İnsan hakları bilincinin oluşmasına ve eğitimine küçük yaşlarda başlanması gerektiğinin öneminin büyük olduğuna değinen Arslan, “Türkiye insan hakları alanında hak etmediği şekilde ithamlara maruz kalıyor. İnsan hakları siyasetin, çifte standartın, hayat tarzı dayatmalarının bir aracı haline getirilebiliyor. Bu konuda insan hakları eğitiminin bilincinin geliştirilmesinde son derece önemli olduğunu düşünüyorum ve bu konuya tekrar tarar dönüş yapmak gerektiğini söylüyorum.Aile içerisinde çocukken de insan hakları eğitimi başlıyor. Türkiye’nin en önemli sorunlarından bir tanesi insan hakları eğitimidir ama bu insan hakları eğitimi sadece devletlerin kabul ettiği dar çerçeveli sözleşmelerden ibaret değildir. Aslında çok daha geniş, hayatın her alanını kapsayan bir hak bilincinin gelişmesi yönündedir. Eğer böyle olursa biz o zaman insan hakları sorunlarını daha az yaşarız. 25-30 yaşına gelmiş bir memura görevdeyken müdahale etmektense 5-10 yaşındayken kişiye doğru bir hak bilincini öğrettiğiniz zaman zaten sorunlarımız büyük ölçüde ortadan kalkar diye düşünüyorum. Bu alanda ne kadar ürün üretilirse ülke için o kadar katkı sağlanmış olur diye fikrimi ifade etmek istiyorum” ifadelerini kullandı.

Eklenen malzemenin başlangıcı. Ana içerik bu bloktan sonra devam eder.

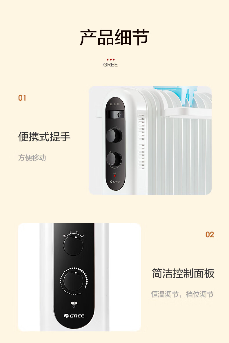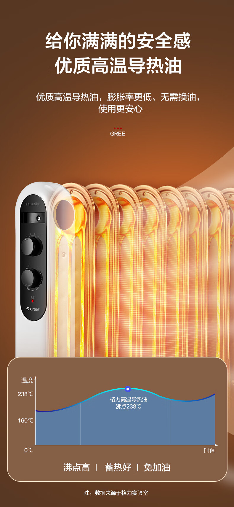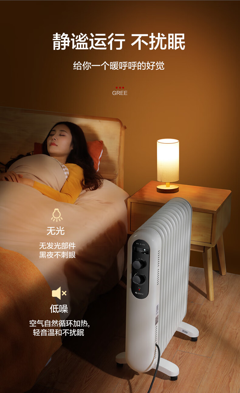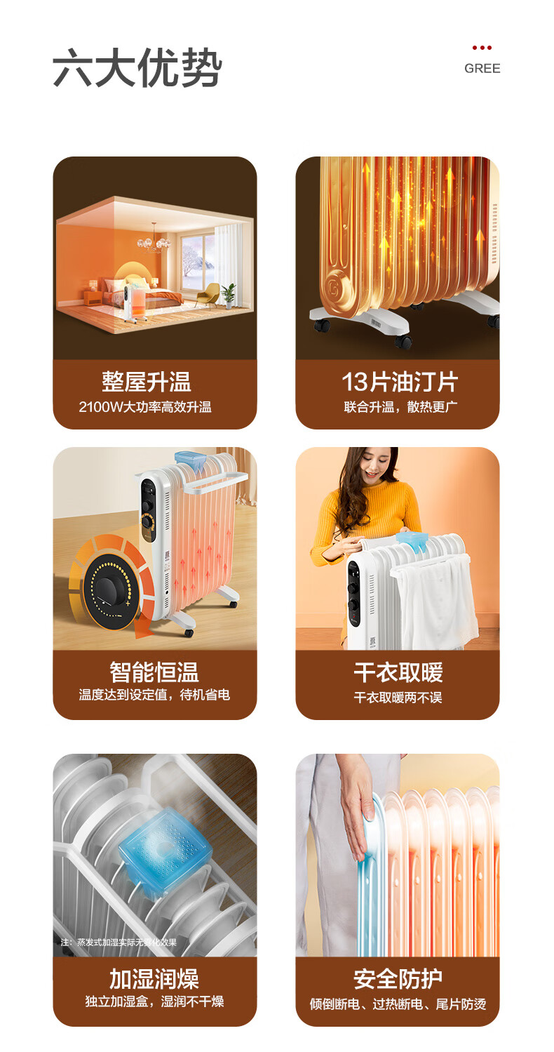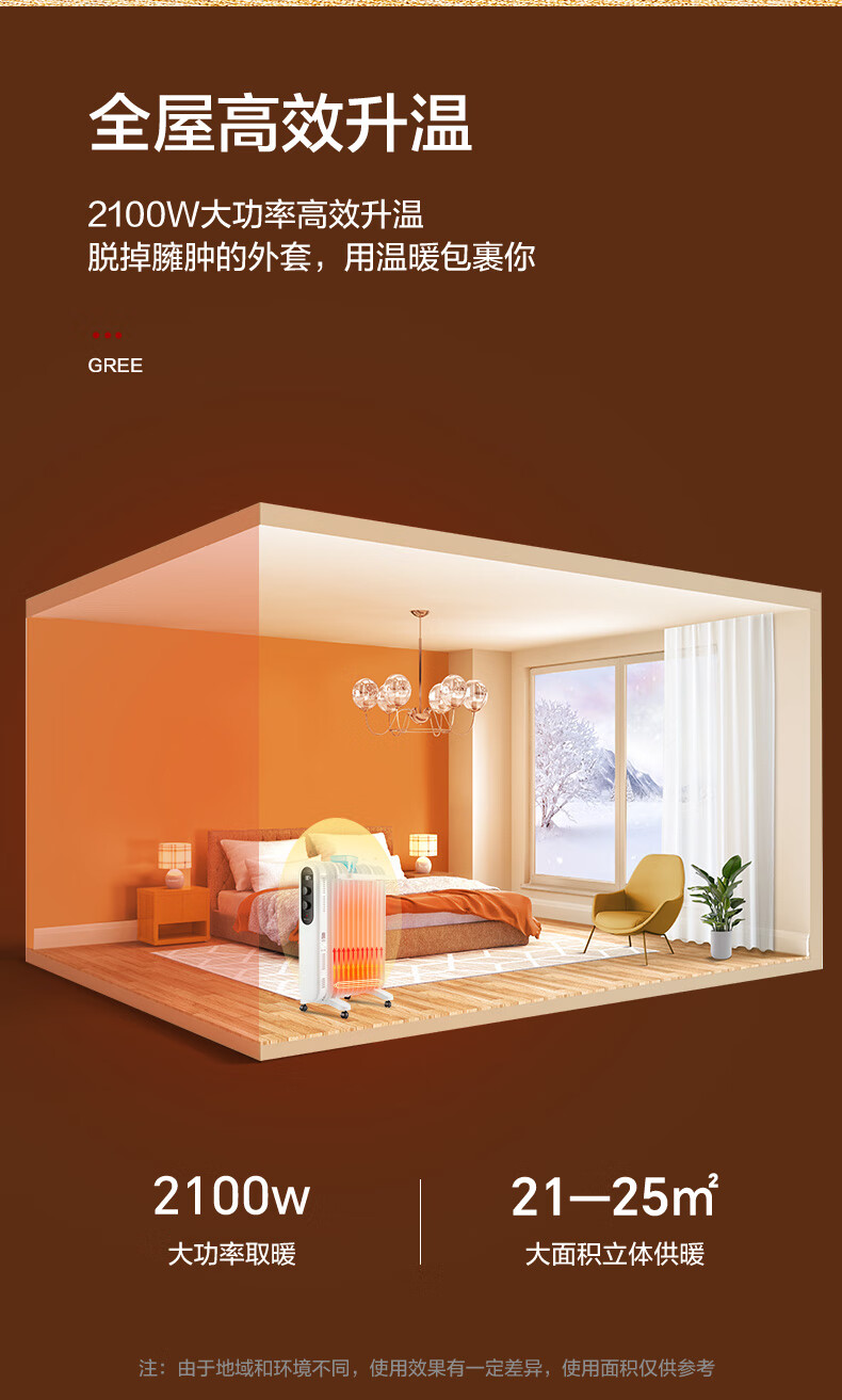 Gree (GREE) heater household electric heater electric oil heater energy-saving dry clothes electric heater living room bedroom mobile floor heating humidification anti-scalding electric radiator 13 pieces electric oil heater NDY19-X6021 (whole house heating)
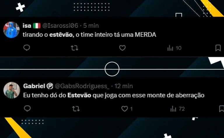 “Estevão é a única coisa que funciona nesse Palmeiras, não é que esteja destruindo, mas é o único que vem jogando bem!”, comentou um palmeirense. “O time não tem técnico, é um catado de imbecis (fora o Estevão) que não tem tática nem técnica nenhuma”, disparou outro.
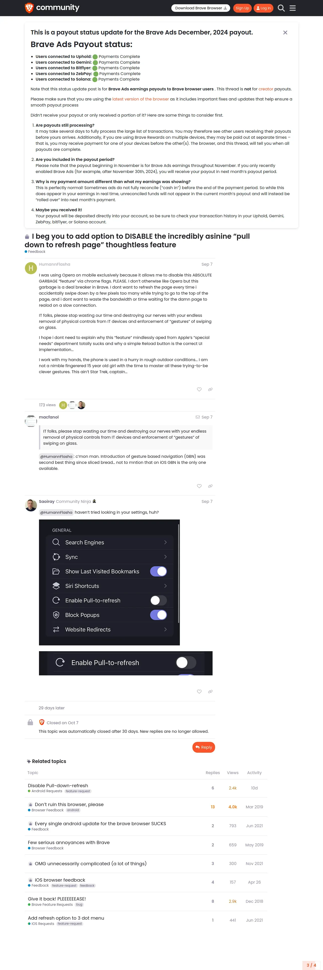 https://community.brave.com:443/t/i-beg-you-to-add-option-to-disable-the-incredibly-asinine-pull-down-to-refresh-page-thoughtless-feature/567228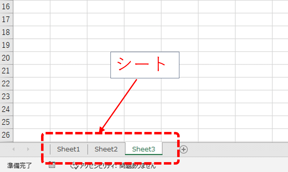 シートとはExcelブック内でページのように分かれている作業スペースです。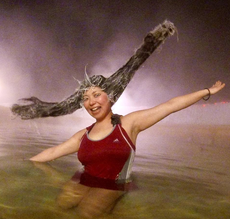- 挑战者只要是在冬季参与并拍下照片,都被认可有效参赛,比赛结果将在3月份公布。该景点负责人说:“比赛的目的是尽可能创造出最具创意的发型,你泡在温泉里,让水蒸气聚集在你的头上,冷空气会让你的头发结冰。”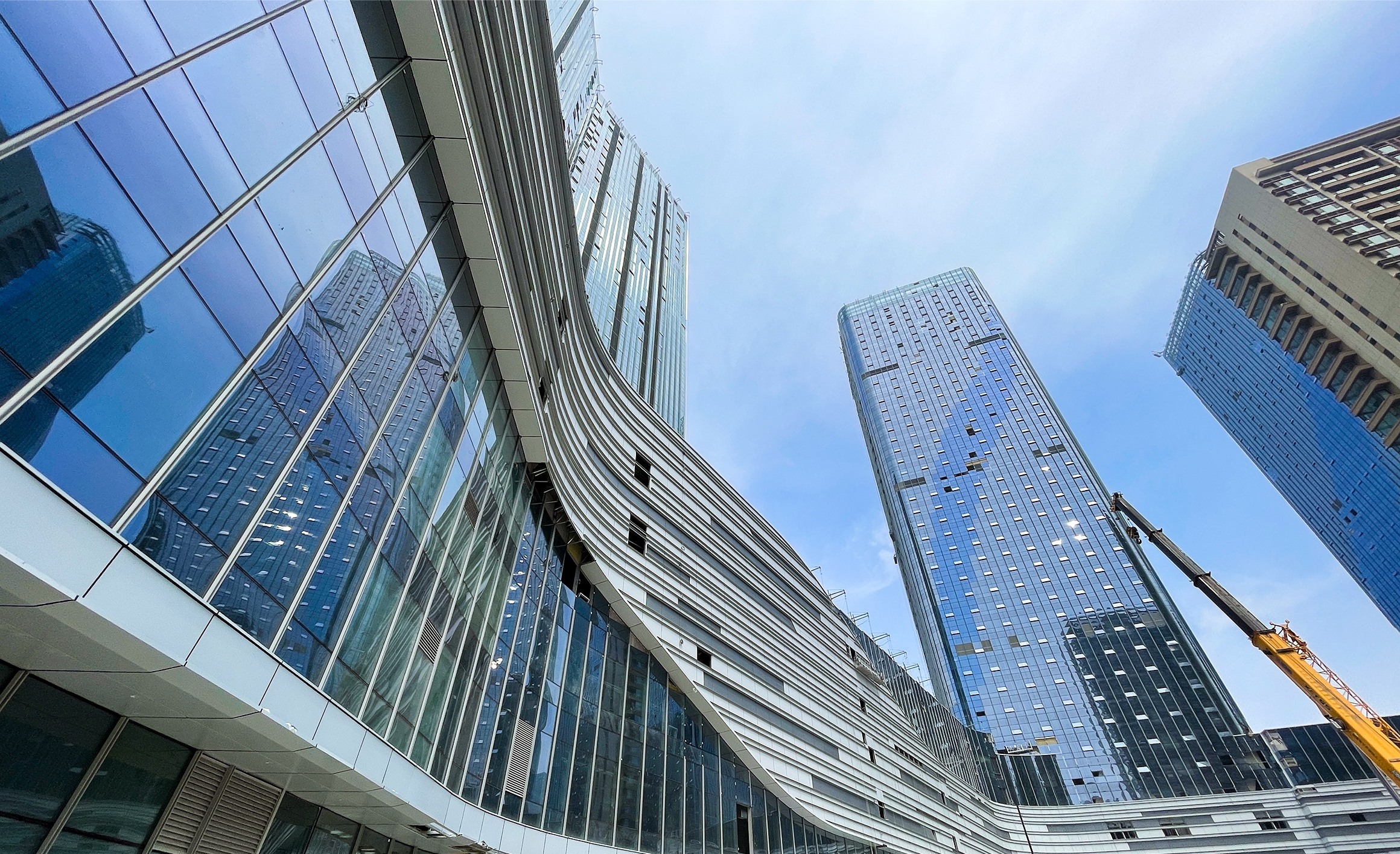 在山西建投·祥澐國際項目建設(shè)現(xiàn)場,綠色圍擋里,大型機(jī)械正在奮力作業(yè),施工人員忙著主樓外幕墻施工,呈現(xiàn)出一派熱火朝天的場景。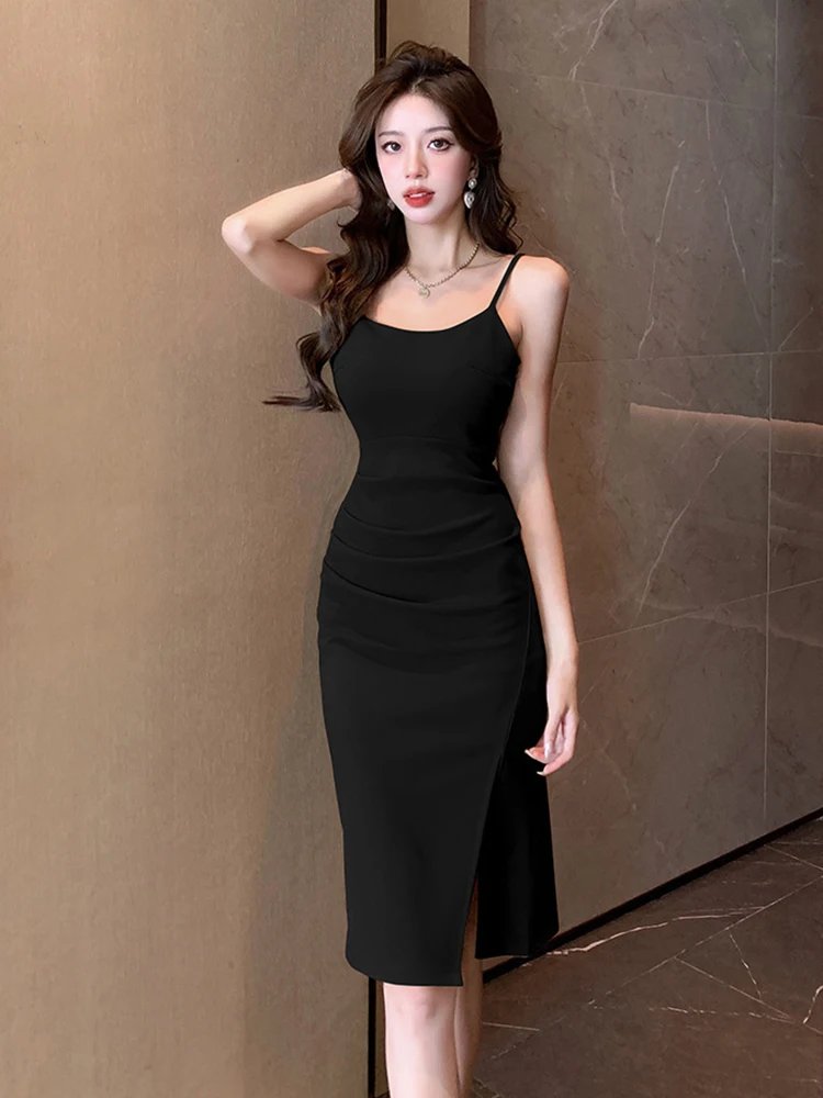 فستان ماكسي أسود للنساء أنيق للحفلات الصيفية فستان مثير بدون أكمام بدون ظهر مكشوف الأكتاف ملابس الشارع الشهير فستان نحيف للنادي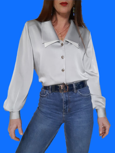 Chemisier vintage Carlita - Satin Gris à double col contrastant. Taille L, 40, 42. Marie Clémence. Made in France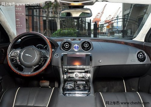 XJ的内饰多处采用桃木和真皮装饰,极具豪华气息,独特的环绕式仪表板,其前端中央位置传统的指针仪表被一个巨大的LCD屏替代,极富科技气息,圆形进气孔更是为新XJ的驾驶座舱增添了跑车般的运动气息。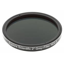Filtre gris de densité neutre Explore Scientific ND 0.9, diamètre 50,8 mm, transmission 13%. Utilisation en visuel pour les planètes et la Lune.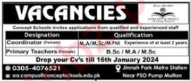 Vacant posts including primary teacher and coordinator are announced in Concept Schools Multan, multan Punjab Pakistan as per 14 January 2024 advertisement in daily Jang Newspaper. Master, Bachelor, Mphil, MA, MS and M.sc etc. educational qualification will be preferred.

“İnsan hakları bir ahlaktır”

Süleyman Arslan, “Geçmişten itibaren baktığımızda aslında İslam Medeniyeti de bir hak medeniyetidir. Kul hakları temelli hareket eder. Devletin gözetimi altında olanlar kadar olmayanları da yani herkesin yarın adli ilahide hesap vereceğinin şuuruyla üstün bir ahlak anlayışına dönüştüğünü görüyoruz. Yani insan hakları aslında yanında bir ahlak sistemi de getiriyor. Dolayısıyla insan hakları bir ahlaktır. Biz bu insan hakları şuurunu iyice insanların bilinçlerine yerleştirirsek o zaman bizim sorunlarımızın büyük bir çoğunluğu özel gayretler göstermeksizin ortadan kalkar. Cezaevleri, huzurevleri o kadar dolmaz. Birçok şey temelde çözülmüş olur. Okullara, üniversitelere çok önemli roller düşüyor.” dedi.

“İdealist olmamız lazım”

Son olarak gençlere tavsiyelerde bulunan TİHEK Başkanı Süleyman Arslan, “Öncelikle samimi olacağız ve art niyetlerimiz ajandalarımız olmayacak. Karşımızdaki insanın onurunu üstün tutacağız, kendimiz için istediğimiz şeyleri başkası için de isteyeceğiz. Kültürel farklılıklara saygı duymayı öğreneceğiz. Özgürlüklerin sınırsız olmadığını, bir başkasının özgürlüğünün de bizim özgürlüğümüzle bir olduğunu bir şeklide bileceğiz ve dengeleri koruyacağız. Bunları yaparken de herkesin dini, ahlaki değerlerini gözetmemiz gerekiyor. Bunun için bencil olmamamız ve olaylara empati ile yaklaşabilmemiz gerekiyor. Hepsinin yanında idealist olmamız lazım, insanlık için faydalı olmak en büyük arzularımızdan biri olmalı” ifadelerini kaydetti.Söyleşi, soru cevap kısmının ardından sona erdi.